Sweden's Ericsson, the world's top mobile phone equipment maker, sent its shares crashing over 13 percent on Tuesday as it predicted that the hard-hit telecoms industry was unlikely to recover next year.

Speaking at a strategy and technology summit to analysts and reporters in London, the group's top executives emphasized that they could only give a ``very, very early indication'' for 2002 -- but saw ``no clear signs of a recovery'' in the overall market.

As a global economic slowdown is compounded by over-capacity and telecoms companies slash investments and jobs, Chief Financial Officer Sten Fornell said the market for mobile systems would see only flat to modest growth in 2001 and 2002.

Fornell said he expected Ericsson's share to grow ``at least'' in pace with this market this year. And in 2002, Ericsson's top customers -- European telecoms operators -- will be required by third-generation mobile licenses to upgrade networks, generating more business for equipment suppliers.

However, this year is turning out to be challenging across fixed and mobile markets. Ericsson said it expected weakening economic conditions in Latin America's markets and cautious European markets to offset a stronger second half in North America and continued strength in China and Japan.

In the long term, Ericsson is still targeting sales growth of over 20 percent and an operating margin of 10 percent or better. But in the short term, markets have become even more shaky than feared.

``No one can tell when we will see an end to the downturn,'' said Ericsson's Chief Executive Kurt Hellstrom.


Meanwhile Ericsson, which has already announced a radical cost-cutting strategy, said it would take further action to reach profitability if necessary.

``Our market environment has become even more uncertain and that's nothing we can do much about -- but we can control our costs,'' Hellstrom said, vowing that cash flow would be a top priority this year.

The group is already axing 22,000 jobs -- one fifth of its workforce -- to help cut costs by 38 billion Swedish crowns ($3.6 billion) annually in an attempt to shore up crumbling margins and return to profit.

The gloomy forecast drove the company's already languishing shares to a 2.5-year low of 43.90, a drop of 13.5 percent, making Ericsson the biggest blue-chip loser in Europe.

Finnish rival Nokia, was caught up in the sell-off, shedding 3.4 percent, and the whole European technology sector tumbled to almost three-year lows.

``What we have got to see is some sort of sign, or catalyst, which indicates earnings upgrades,'' said Simon Kirton, fund manager at Aberdeen Asset Management. ``At the moment there is no sign of this. So for fund mangers, it's a matter of getting out and staying out (of the sector).''

But Ericsson called for calm amid mounting investor fears that third-generation mobile phones and fresh revenues from new, super-fast Internet services would be further delayed -- and thus weigh down already debt-laden European operators, which have paid 120 billion euros ($108 billion) for 3G licenses.

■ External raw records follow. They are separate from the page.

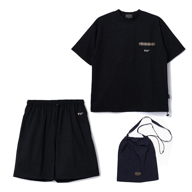 高い吸汗・速乾性を備えた軽量素材を採用し、ドライなタッチで快適な着用感。Tシャツの胸元とショーツの背面ポケットには、ペンドルトンならではの印象的なネイティブ柄があしらわれているのが特徴的です。
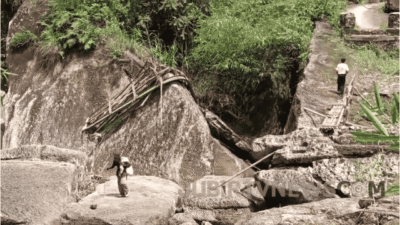 Kabupaten Sukabumi, jubirtvnews.com – Jembatan bambu darurat yang dikenal sebagai Jembatan Guha Monyet di Desa Tanjung, Kecamatan Jampangkulon, Kabupaten Sukabumi, hanyut diterjang derasnya arus Sungai Cikarang pada Sabtu malam, 1 November 2025. Banjir bandang terjadi sekitar pukul sebelas malam setelah hujan lebat mengguyur sejak petang. D Derasnya arus sungai tak mampu ditahan oleh jembatan bambu hasil gotong royong warga, hingga akhirnya konstruksi sederhana itu ambruk dan hanyut terbawa air.
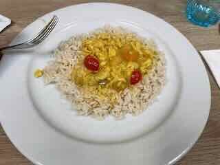 Zu Abend hatte ich Reis-Casimir und zum Dessert Lotus Cheescake.
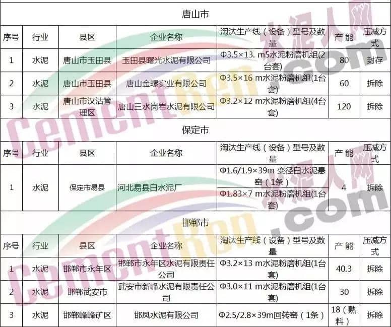 從上表可見河北省唐山市3家水泥企業(yè)、保定市1家水泥企業(yè)、邯鄲市3家水泥企業(yè)、2臺(tái)套水泥粉磨機(jī)組被封存8臺(tái)套水泥粉磨機(jī)組被拆除,2臺(tái)懸窯回轉(zhuǎn)窯被拆除,淘汰產(chǎn)能合計(jì)352.3萬噸。

The company said it expected the first 3G handsets to be available toward the end of 2002, with volume shipments on track to start in 2003 as operators switched focus from network upgrades to marketing and selling new handsets.

Fornell said he believed market concerns that there would be ``material delays in revenue recognition'' for 3G phones were exaggerated.

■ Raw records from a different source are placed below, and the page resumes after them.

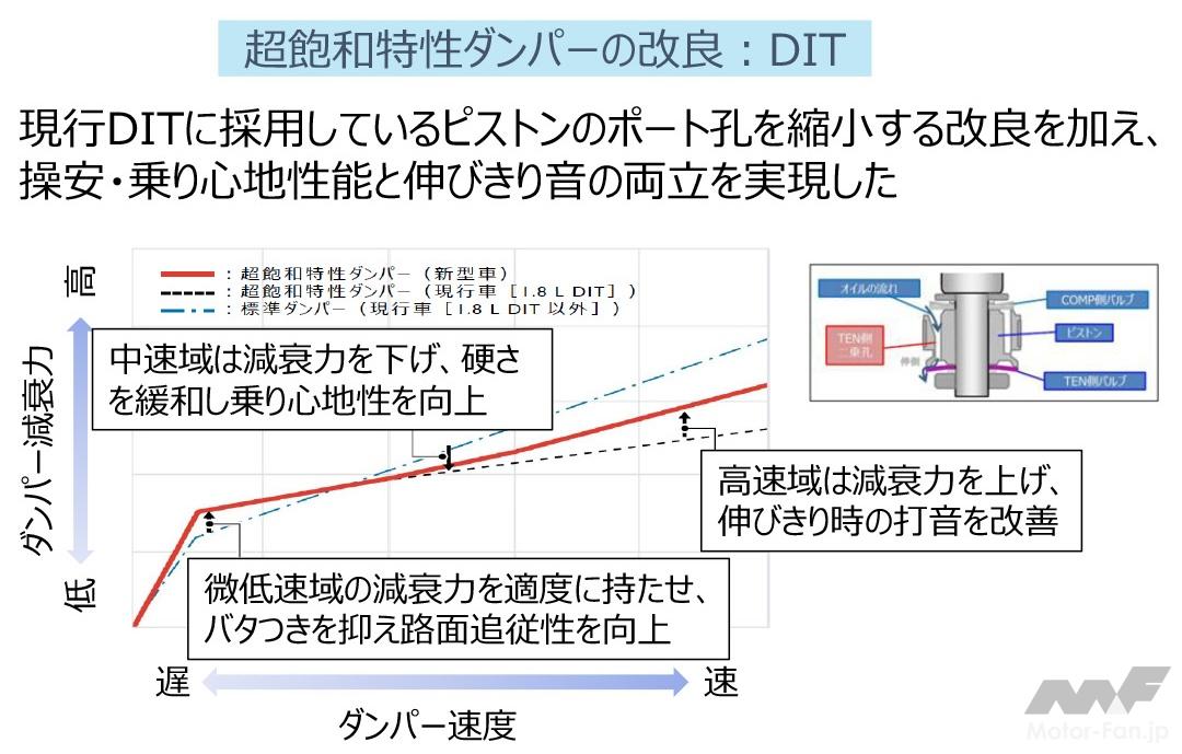ターボ車のほうもダンパーの仕様を変えた。こちらはバルブの機構を変更。微低速域では減衰力を適度に持たせてバタつきを抑え、路面追従性を向上させる方向。中速域では減衰力を下げ、硬さを緩和して乗り心地を向上させた。また、高速域では減衰力を上げ、伸びきり時の打音を改善している。フォレスターのダンパーは歴代、旧ショーワに起源を持つアステモ(Astemo、4月1日に日立Astemoから社名変更)製だそう。
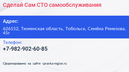 Сделай Сам, СТО самообслуживания по адресу 626152, Тюменская область, Тобольск, Семёна Ремезова, 45г в дальнейшем Организация, размещена в следующих категориях:
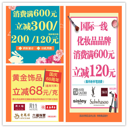 针对此次国庆期间,公司根据客群的性质特别制定了消费满额立减活动,分为600元立减300元/200元/120元三档,全城联动,跨柜累计。通过柜台与柜台、楼层与楼层的联动,不仅将实惠最大程度地回馈消费者,更是促进了相关大类商品的联动。同时,为庆祝祖国68周年生日,B1楼商场黄金饰品最高每克立减68元,镶嵌珠宝类商品3.8折起。
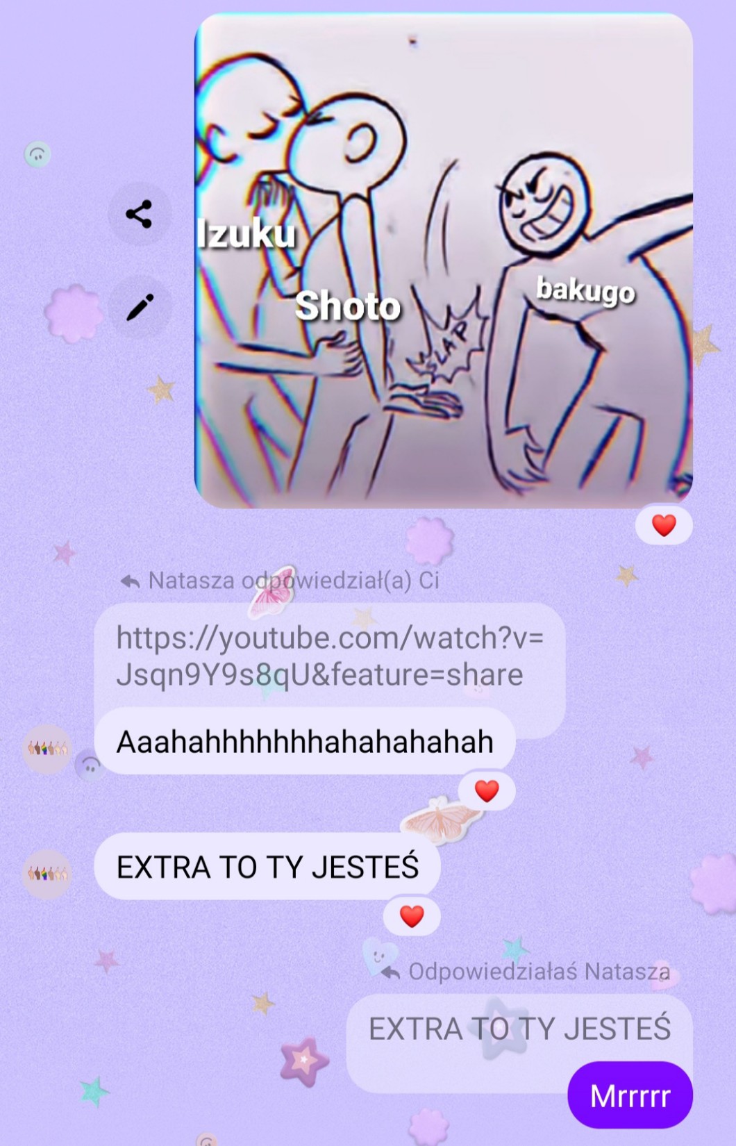 3.Byłam na podwórku, za mną łaził taki ziomek z mojej szkoły i darł cię "clam down anime dzieciaczki" więc walnęłam go "przypadkiem" huśtawką, a teraz spamię mu zdjęciami Runy i I Izuku💅🏼

However, in a note of caution, Fornell told the conference that sales of 2.5-generation GPRS (general packet radio service) Internet phones, which are seen as a bridge to faster 3G phones, had been slightly slower than expected to date.


Loss-making Ericsson, the world's number three handset maker, is merging its handset unit with that of Japan's Sony Corp in a bid to beat off tough competition from industry leader Nokia and U.S. rival Motorola.

Ericsson has said the formation of the joint venture will be cash flow neutral for the group in the fourth quarter -- and that it will be profitable from the start. But the group said on Tuesday this would be a ``little more of a challenge'' in the current market.

Earlier on Tuesday, Ericsson said it would launch three new handset models in the fourth quarter in a battle to turn around its handset division against tough competition.

Two T60 Internet-enabled handsets, which work over TDMA and CDMA networks used in North and South America, will be available there in the fourth quarter. A third model for Europe and Asia -- the T65 -- will also be available in the fourth quarter. It is a GPRS Internet phone.

Ericsson phones, known for their angular design and chunky external aerials, have been criticized for a focus on engineering and high-end functionality rather than user-friendly design, strong branding and consumer-oriented marketing.

The new models feature a curved, ergonomic design and can link with various devices and adapters.

Sony and Ericsson said last month their joint venture was on track to start on October 1. The two companies will continue to market handsets under their own brand names until a new brand is coined in the second half of 2002.